Warum gibt es dazu noch keine vernünftigen Regelungen?
Es kann doch nicht sein,daß der Arzt bestraft wird,wenn er die von der KK genehmigte Dosis verschreibt...das ist doch ...!

Bin eigentlich davon ausgegangen,daß es (noch) keine spezialisierten Ärzte zur Cannabis Therapie gibt?
Wie nennt sich denn ein Spezialist für Cannabis Therapie????
Gibt es einen in Heidelberg oder Umgebung?

Re: Frage zur Verschreibungsmenge

Verfasst: Mi 2. Jan 2019, 17:43
von mad
1) Wenn die Kostenzusage der KK vorliegt, können die Deinen Arzt nicht mehr in Regress nehmen. Wäre ja auch ziemlich blöd, wenn man eine Erlaubnis erteilt ind anschließend sagt: uns egal, ihr müsst uns doch eine „Strafe” zahlen. Wenn ein Arzt es auf einem Privatrezept verschreibt, gibt es dieses Problem noch weniger, da der Patient alles selbst zahlt. Und auch Kassenpatienten können ein Privatrezept bekommen - ganz ohne Auflagen oder Begleiterhebungen.
2) Spezialisten gibt es nur äußerst wenige (Grotenhermen, Müller-Vahl z. B.).
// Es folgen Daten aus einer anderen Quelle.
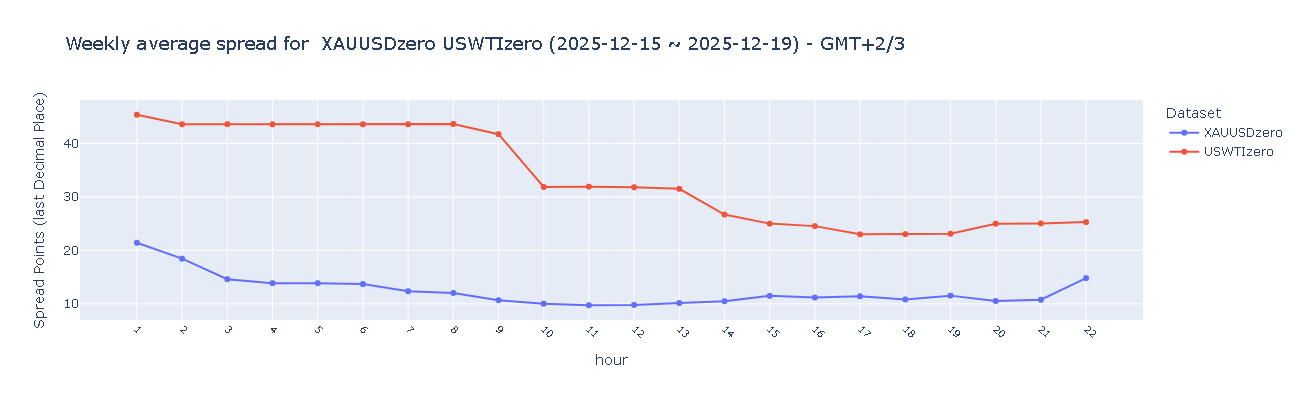 USWTI (US Crude Oil) offered Excellent spreads (20–30 points) during the European and US sessions , while spreads widened to Average levels (40–45 points) in the Asian session , reflecting reduced liquidity during off-peak trading hours.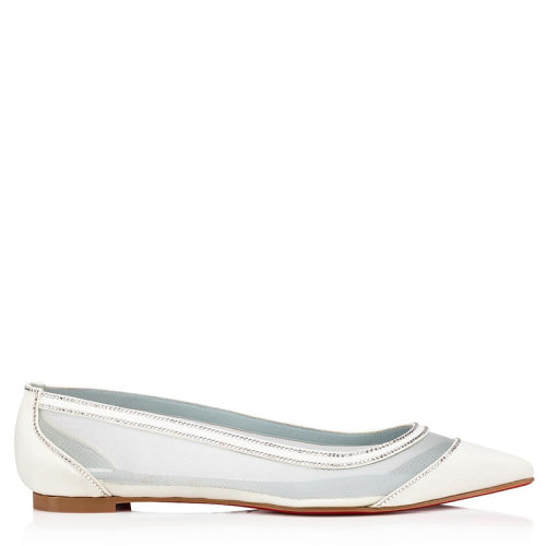 Christian Louboutin/克里斯提鲁布托 女士米白色缎纹绉纱和同色系网眼水钻芭蕾舞鞋3200925W021

Grundsätzlich kann aber jeder Arzt (Ausnahme Zahn und Tier) Cannabis verschreiben. Die Arbeitgemeinschaft Cannabis als Medizin hat einen Leitfaden für Ärzte. Den könntest Du deinem Arzt zeigen. Realistisch sind so 300-1000mg pro Tag in der Enddosis.

Ich würde Deinen aktuellen Arzt weiter aufklären, so weit wie du hier schon bist.

Re: Frage zur Verschreibungsmenge

Verfasst: Do 3. Jan 2019, 16:56
von Jahkob
Punkt 1 stimmt so nicht. Der Arzt kann sehr wohl trotz Kostenübernahme in Regress genommen werden. Schon mehrfach erlebt: Arzt stellt Antrag auf Kostenübernahme zusammen mit einer Bitte um Entbindung der Regresspflicht der verschriebenen Medikamente. Kostenübernahme genehmigt, Regressentbindung abgelehnt.

Re: Frage zur Verschreibungsmenge

Verfasst: Do 3. Jan 2019, 18:22
von mad
Da hast Du leider Recht, ich war falsch informiert. Wobei das Risiko eher gering ist:
https://www.leafly.de/regress-cannabis-auf-rezept/

Allerdings ist ein geringes Risiko immer noch ein Risiko.

Re: Frage zur Verschreibungsmenge

Verfasst: Do 3. Jan 2019, 19:26
von Jahkob
Das ganze Cannabismedizingesetz ist für mich eine Farce und wurde meinermeinung nach nur verabschiedet um den Anträgen auf Eigenanbau entgegenzuwirken nachdem klar wurde das die Anträge alle genehmigt werden würden - einfach nur lächerlich.